# Niagra Falls



## abc31 (Nov 6, 2006)

Are there any RCI affliated timeshares near Niagra Falls?


----------



## dogfeet (Nov 6, 2006)

Nope.  But, I have seen condos on Dial an Exchange.  Dial an Exchange is an exchange company with offices in the U.S. and other locations.  

dogfeet


----------



## abc31 (Nov 6, 2006)

Thanks.  I'll check out Dial-an-exchange.  If not, there's always a standard hotel room.

abc


----------



## beejaybeeohio (Nov 6, 2006)

*Western NY*

Northshore at Chautauqua and Peekn' Peak's Greenwood Forest are about an hour south of Niagara Falls.
BJB


----------



## abc31 (Nov 6, 2006)

Thanks!  That would work.

abc


----------



## Ireland'sCall (Nov 7, 2006)

*Niagra*

Any II resorts nearby?
Thanks Garry


----------



## Tacoma (Nov 7, 2006)

Canada does not have many timeshares other than in Banff, Fairmont, and Whistler area.  It is however a beautiful country so do book hotels and enjoy.  The advantage is you don't have to spend a whole week in one place so 2-4 days per area depending on your interests and you should be able to do so much more.  I know if I can afford to go to Europe again I probably would not want to spend a week in each place as there are so many beautiful places I'd like to see.  

Joan


----------



## eal (Nov 8, 2006)

There are about 140 timeshare properties in Canada, about 60 of them in Ontario, Quebec and the Maritime provinces.  Unfortunately none of them are in Niagara Falls.


----------



## stugy (Nov 9, 2006)

DialanExchange has availability at Villas at Niagara Falls, a new resort on Canadian side for early next year.  Check their website for availability. 


www.daelive.com/

Pat


----------



## Aldo (Nov 18, 2006)

Just a word of advice, for those who have never been to Niagara Falls.

It's a neat place for an afternoon or even a weekend, tops, but that's about it.

The falls themselves are beautiful, but how long can you look at them.
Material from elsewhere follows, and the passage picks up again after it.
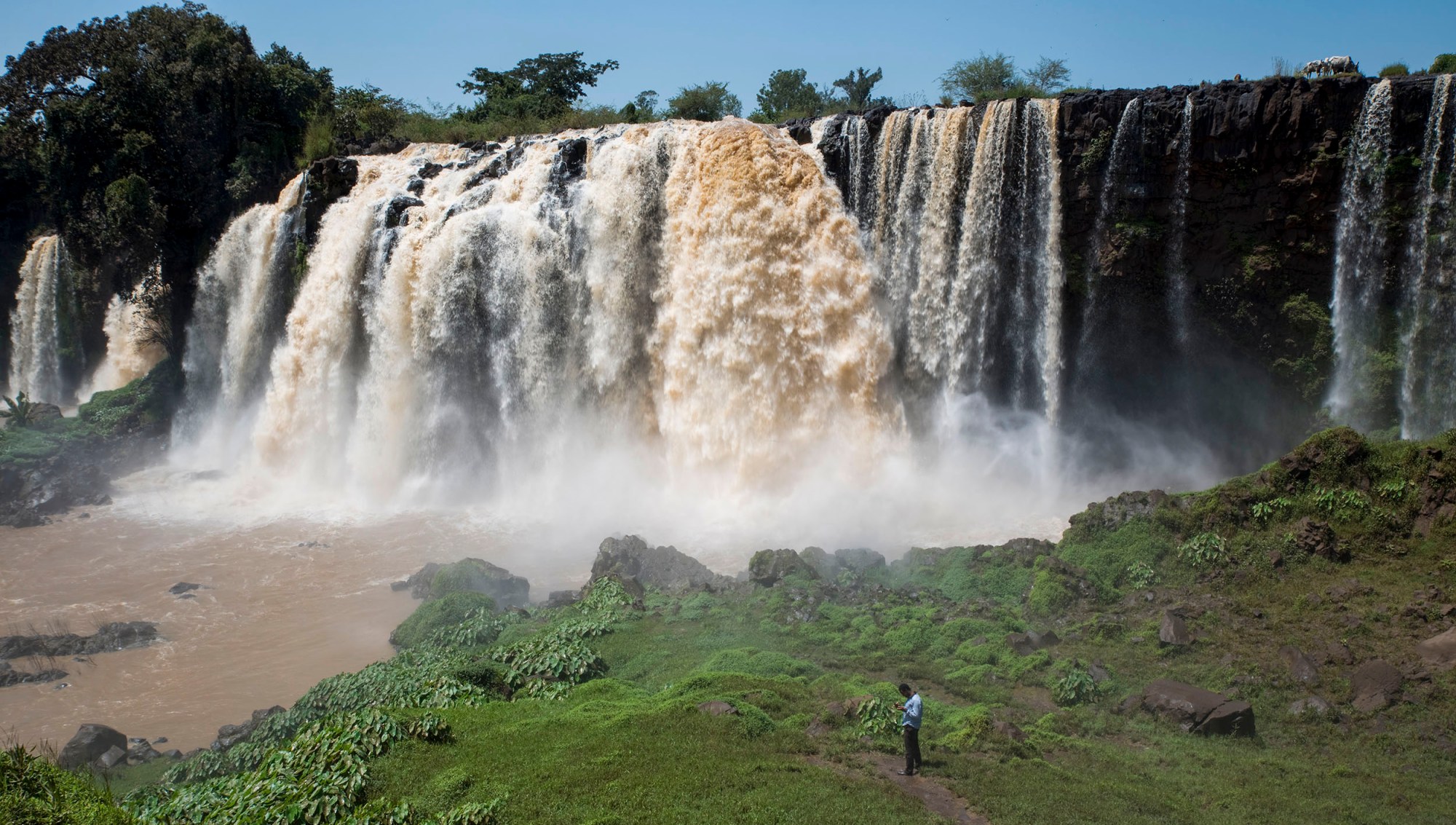 São das mais imponentes em África. Também impressionou Pedro Pais. Descreve na sua História da Etiópia que a água cai a pique por rochas que terão de altura catorze braças (cerca de 30 metros) e no inverno a queda “levanta a água como fumo no ar, tanto que se vê de muito longe”.

The American town of Niagara Falls is so beat and empty, mostly empty rotting buildings.  I've tried in vain to even find a decent place to get a meal there.  Firebombing what's left of the town would be a mercy killing.

The Canadian town is a charmless town of kitsch and neon lights.  Ripley's Believe it or Not "museums" and Rainforest restaurants and Outback Steakhouses.  Classless and Stupid.   

Most of Eastern Canada is incredibly beautiful, but Niagara Falls?  Other than actually looking at the falls for a few hours,  neeeehhhh....


----------



## MoiAl (Nov 20, 2006)

Nigiara-on-the-Lake is a beautiful town to spend a day. Go to the Shaw Festival, Picnic or ride a bike on the Nigiara Parkway Park system, it runs between Nigiara, Ontario and Nigiara on the Lake, 10 miles east. Tour the wine country for a day, visit the Butterfly Conservitory the gardens are beautiful and spend 2-4 hours at the falls. Enjoy.


----------



## riverdees05 (Nov 20, 2006)

When we were planning for our visit last summer, the best advice we got, was to stay in a hotel with a Falls View.  It is not cheap, but well worth it.  We stayed two nights and did one of the tours.  It was great.  The only thing I would change would be to stay a short distance from the falls the first night, for less cost, then get up early and then spend two nights, thus giving you two one half days at the falls.


----------